Sitting crosslegged on his bunk, trooper LaBlond looked up from jamming a cleaning brush on its rod down the muzzle of his bullpup AK. He was a kid, light brown hair held back from his face by a rag tied around his temples. Ultimately conscious of being the youngest trooper in the platoon, he was trying to grow a mustache in emulation of his comrades, only it was hard to tell. The hairs were fine, so pale as to be almost transparent.
Guerrero rapped the glowing screen with a brawler’s misshapen knuckles. “Come on, chico. This may be your chance to blow off this boring garrison guano and see some real action. Give you some stories to impress the girls with.”
Trooper Dominguin swung his booted feet off the cot next to
LaBlond’s and sat up. He was a sandy-bearded, two-meter ox who’d been with García since the old days in Angola. He reached over and tugged at the open neck of the boy’s fatigue blouse, endangering the buttons. “He won’t have no luck till he gets some hair on his chest. That’s the way the girls around here like ’em, cause their own men are so smooth. Girls like to know it’s a man holding ’em, not some flatchested broad.” He thrust forward his own huge chest by way of example, holding his fatigues apart at the top. It looked as if he were wearing a bear rug under the blouse.

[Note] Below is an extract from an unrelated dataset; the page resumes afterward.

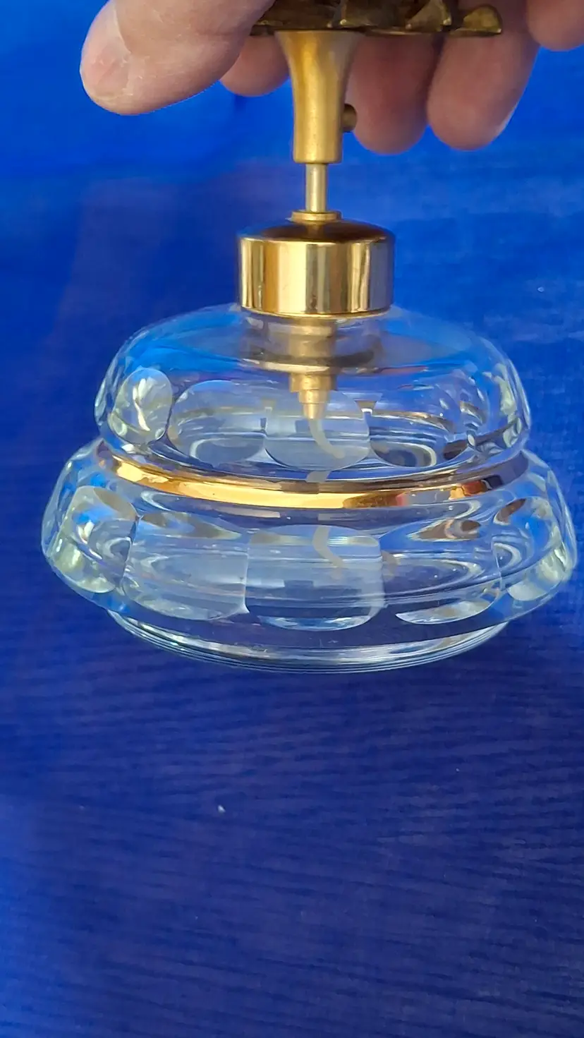 Vintage Czech Crystal Perfume Atomizer w/ Ornate Crown Top – 1950s
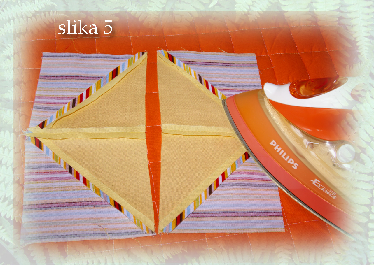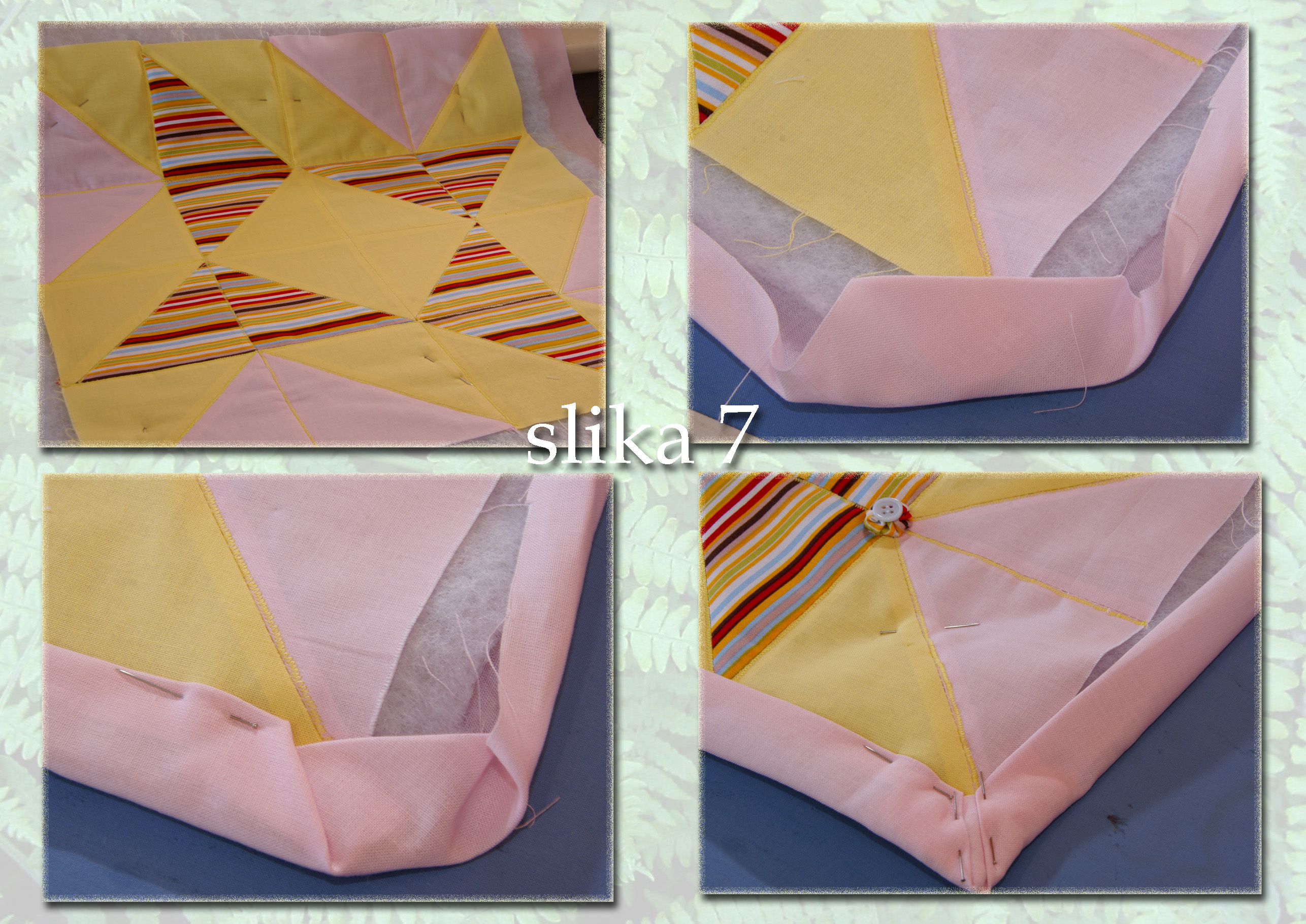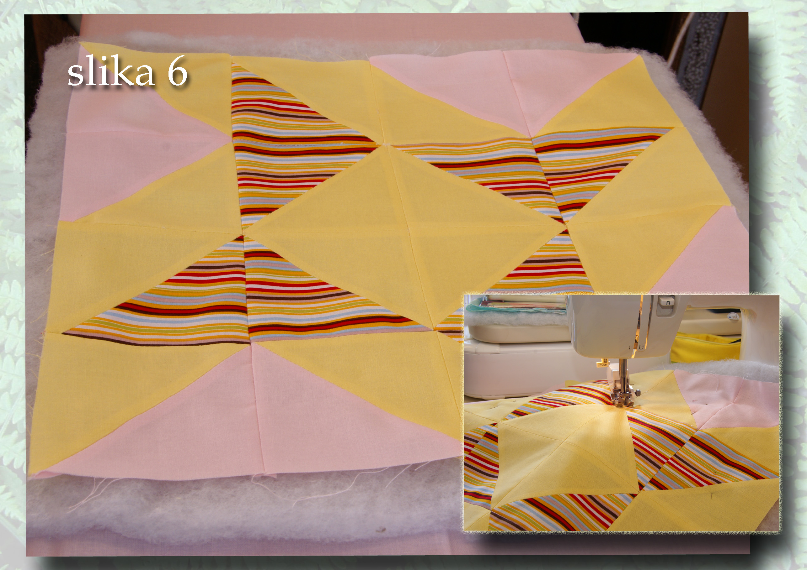 Vsakemu sešitemu delu na zadnji strani sproti razlikamo rob, tako bomo lažje šivali trikotnike in bo tudi zadnja stran izdelka lična čeprav ne bo vidna, saj bo celoten vzorec sešit skupaj s polnilom oz. medvlogo. Pri šivanju trikotnikov pazimo tudi, da šivamo robove točno, da se trikotniki v končnem izdelku lepo stikajo med seboj.

LaBlond struck the big man’s paw away. Domingufn laughed. “You got balls, kid. Too bad you got no chance to use ’em.”
“Since you’ve got nothing better to do than pick on the kid,” a dry voice said from the doorway, “perhaps you want to clean his rifle for him, qué no?” They looked around. Corporal Hierra stood in the doorway. Despite having returned from conducting maneuvers only half an hour before, the compact little noncom was immaculate, every black hair in place, beard as if it had been carved from ebony, black beret tipped to a precise angle, tailored cammie shirt neat, green trousers tucked into the tops of spit-polished American-style jungle boots. At his hip he wore an American revolver half as long as he was; miracle he didn’t list to one side when he walked.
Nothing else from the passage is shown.